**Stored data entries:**
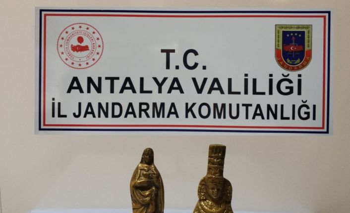 Antalya Cumhuriyet Başsavcılığı koordinesinde, Antalya İl Jandarma Komutanlığı KOM Şube Müdürlüğü ekipleri, şehit merkezinde ikamet eden bir şahsın elinde tarihi eserler olduğu ve satmak için Konyaaltı İlçesi Çakırlar Mahallesine geleceği bilgisini aldı. Dün akşam 22.30 sıralarında şüpheli şahsın kullandığı aracı takibe alan ekipler, Bahtılı Mahallesine gelindiğinde aracı durdurdu. Araçta yapılan aramada Roma dönemine ait olduğu değerlendirilen Meryem Ana ve Tanrıça Artemis’in altın heykeli bulundu. Heykeller incelenmek üzere Antalya Müze Müdürlüğüne teslim edileceği öğrenilirken, şüpheli araç sürücüsü A. G., gözaltına alındı.
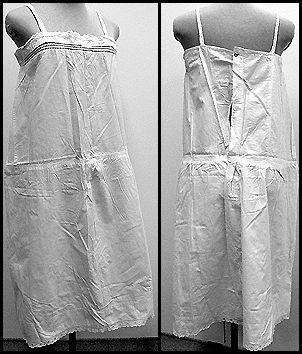 Kapeaolkaminen, malliltaan väljä alushame, jossa vyötärösauma on pudotettu ylälantiolle. Keskellä takana napitushalkio.
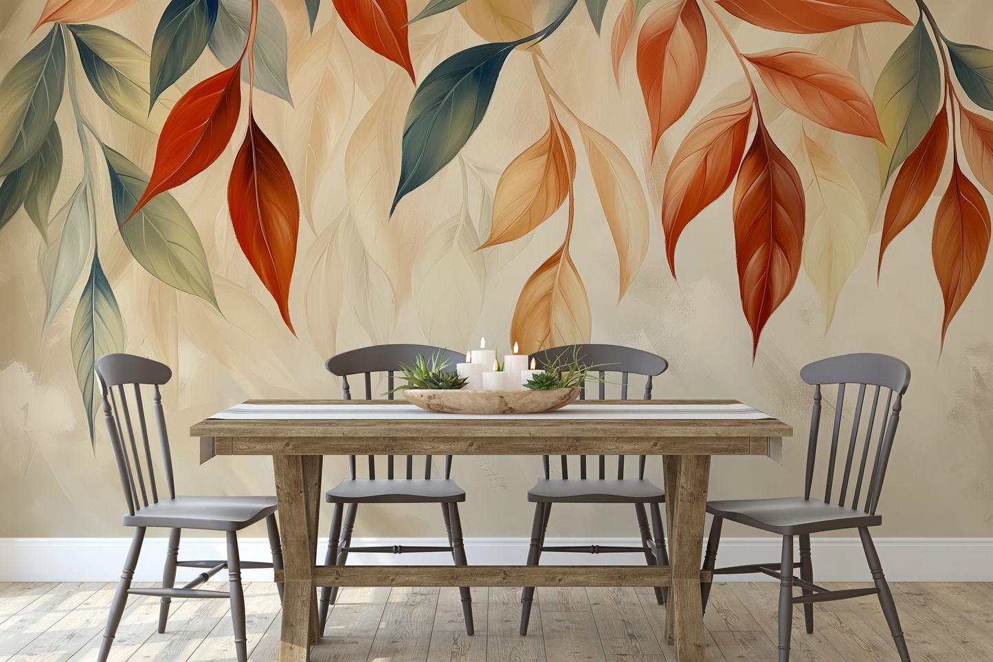 Fototapeta z liśćmi tańczącymi na wietrze, w palecie jesiennych barw, dodająca ruchu i lekkości każdej przestrzeni, szczególnie polecana do kawiarni lub przestrzeni publicznych.
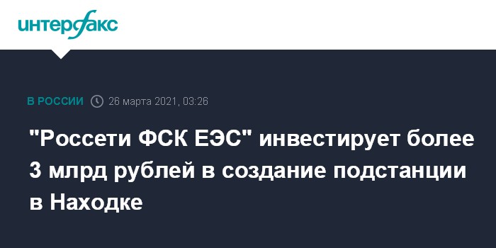 Москва. 26 марта. INTERFAX.RU - "Россети ФСК ЕЭС" (ПАО "ФСК ЕЭС") приступили к строительству подстанции 220 кВ "Находка" в Приморском крае стоимостью более 3 млрд рублей, сообщается на официальном сайте компании.
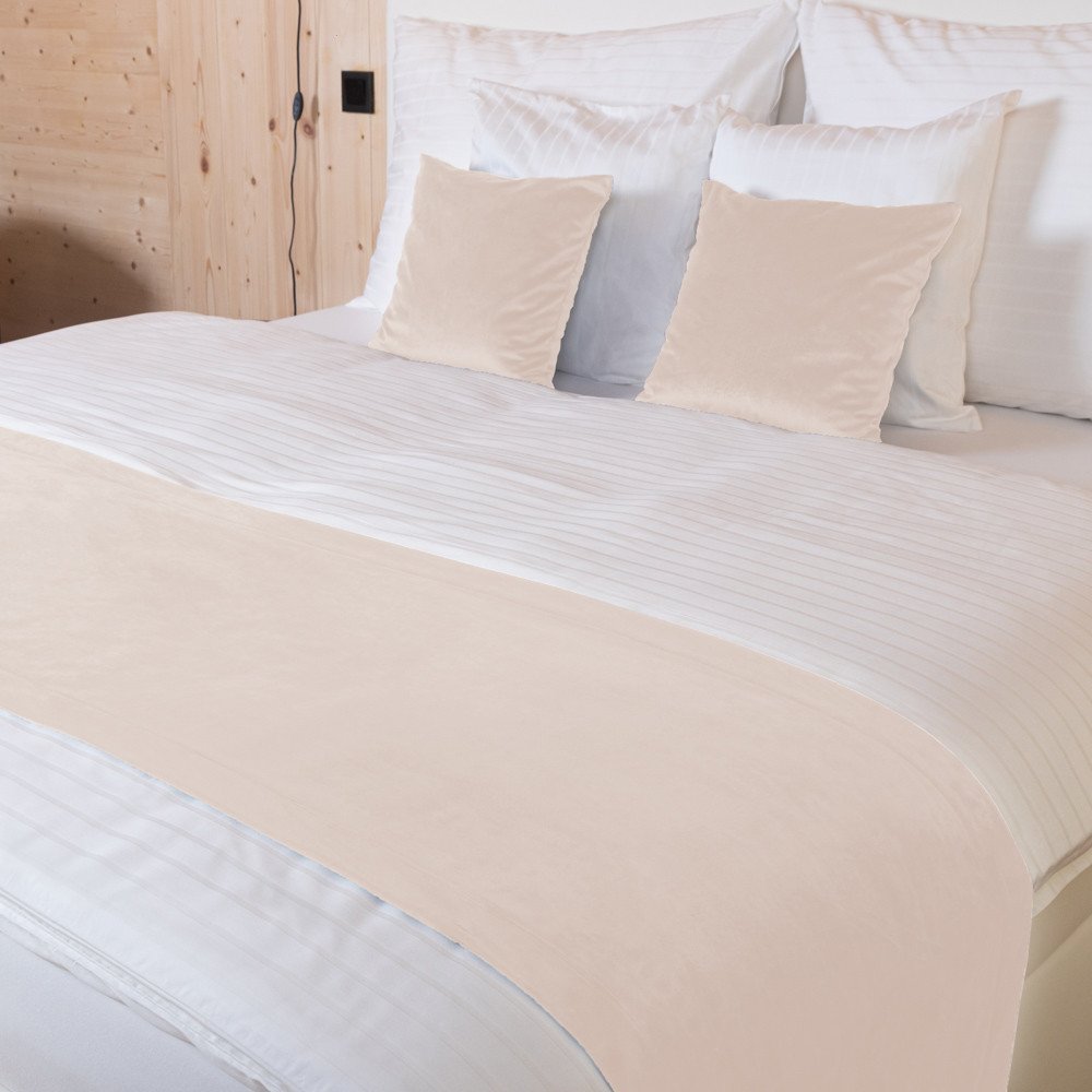 Sametový přehoz/běhoun na postel v béžové barvě, vyrobený z luxusní sametové látky prémiové řady Velvet Premium o vysoké gramáži 300 g/m2. Látka Samet Velvet Premium je utkaná z jemných polyesterových vláken a na dotek je velmi příjemná a semišově hebká. Její přirozený lesk dodává výrobkům elegantní a luxusní vzhled. Přehoz je obšitý širokým lemem 5 cm - viz. detailní foto.

**DIRECTIONS FOR THIS TASK:** Give again, word for word, only the lines that run from the top of the data above through the line with "Москва. 26 марта.". Drop the pictures.

**ANSWER BOX:**
 Antalya Cumhuriyet Başsavcılığı koordinesinde, Antalya İl Jandarma Komutanlığı KOM Şube Müdürlüğü ekipleri, şehit merkezinde ikamet eden bir şahsın elinde tarihi eserler olduğu ve satmak için Konyaaltı İlçesi Çakırlar Mahallesine geleceği bilgisini aldı. Dün akşam 22.30 sıralarında şüpheli şahsın kullandığı aracı takibe alan ekipler, Bahtılı Mahallesine gelindiğinde aracı durdurdu. Araçta yapılan aramada Roma dönemine ait olduğu değerlendirilen Meryem Ana ve Tanrıça Artemis’in altın heykeli bulundu. Heykeller incelenmek üzere Antalya Müze Müdürlüğüne teslim edileceği öğrenilirken, şüpheli araç sürücüsü A. G., gözaltına alındı.
 Kapeaolkaminen, malliltaan väljä alushame, jossa vyötärösauma on pudotettu ylälantiolle. Keskellä takana napitushalkio.
 Fototapeta z liśćmi tańczącymi na wietrze, w palecie jesiennych barw, dodająca ruchu i lekkości każdej przestrzeni, szczególnie polecana do kawiarni lub przestrzeni publicznych.
 Москва. 26 марта. INTERFAX.RU - "Россети ФСК ЕЭС" (ПАО "ФСК ЕЭС") приступили к строительству подстанции 220 кВ "Находка" в Приморском крае стоимостью более 3 млрд рублей, сообщается на официальном сайте компании.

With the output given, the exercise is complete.